In the intensification block work up to a 3 rep max but drop the assistance to 6-8 reps on high intensity exercises and then 10-15 reps for low intensity exercises. All while eating about 3500 calories a day.

Would this be the best way to gain weight? [/quote]

Instead of prescribing some random calorie diet to you… get on Amazon.com and buy ‘Power Eating’ and ‘Nutrient Timing.’ Do both of those until you get fucking gigantic.

Max Effort work is not good for size. A lot of people that I put through accumulation block gains 5-10 pounds per cycle just because of the high volume on DE day. My suggestion for using assistance work for size:

Dont worry about reps, they don’t matter. Do sets for time (30s week 1, 45s week 2, 60s week 3) with the heaviest weight you can hold onto for the entire time period. Only do this in the accumulation block, do high rep work for the intensification. Time under tension = size. Set and rep schemes=someone trying to sell you something.

[quote]StormTheBeach wrote:

[quote]Vladamir wrote:
Im trying to gain weight so I was thinking during accumulation block work up to a 5 rep max, and for assitance go for around 8-10 reps on the high intensity exercises and 15-20 reps on low intensity exercises.

In the intensification block work up to a 3 rep max but drop the assistance to 6-8 reps on high intensity exercises and then 10-15 reps for low intensity exercises. All while eating about 3500 calories a day.

Would this be the best way to gain weight? [/quote]

Instead of prescribing some random calorie diet to you… get on Amazon.com and buy ‘Power Eating’ and ‘Nutrient Timing.’ Do both of those until you get fucking gigantic.

Max Effort work is not good for size. A lot of people that I put through accumulation block gains 5-10 pounds per cycle just because of the high volume on DE day. My suggestion for using assistance work for size:

Dont worry about reps, they don’t matter. Do sets for time (30s week 1, 45s week 2, 60s week 3) with the heaviest weight you can hold onto for the entire time period. Only do this in the accumulation block, do high rep work for the intensification. Time under tension = size. Set and rep schemes=someone trying to sell you something.[/quote]

Lol I noticed that. I was hungry as hell after the 20-25 sets of DE squats and benches. And I did gain about 7lbs when I finished my 6 week accumulation block. And now that I’m doing the intensification block, I’m just maintaining weight and don’t have the massive appetite.
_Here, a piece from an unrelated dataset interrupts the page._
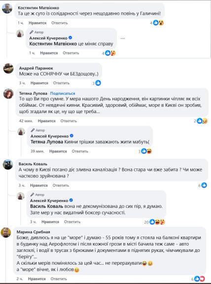 Об этом сообщил народный депутат Алексей Кучеренко ("Батькивщина") в своем Facebook. Местные telegram-каналы в свою очередь информируют, что потопы были замечены не только там.

Question: Is it normal to be feeling kinda beat up and not have all my typical ‘snap’ towards the end of the intensification block? Not like joint pain, just a certain kinda tiredness that I can’t quite put my finger on.

[quote]Fletch1986 wrote:
Question: Is it normal to be feeling kinda beat up and not have all my typical ‘snap’ towards the end of the intensification block? Not like joint pain, just a certain kinda tiredness that I can’t quite put my finger on. [/quote]

To put it as scientifically as I possibly can, you should feel like a bag of smashed assholes by the end of that thrid week. This is why I suggest a deload before starting the accumulation block back up and really push an at least 2 week deload before a meet.

[quote]Razamataz wrote:

[quote]Chicksan wrote:

Always rotate. I will go a month strait and no two workouts are going to be the same.
[/quote]

Really? You’re always changing the exercises? That would really piss me off if I had to come up with something new every workout. [/quote]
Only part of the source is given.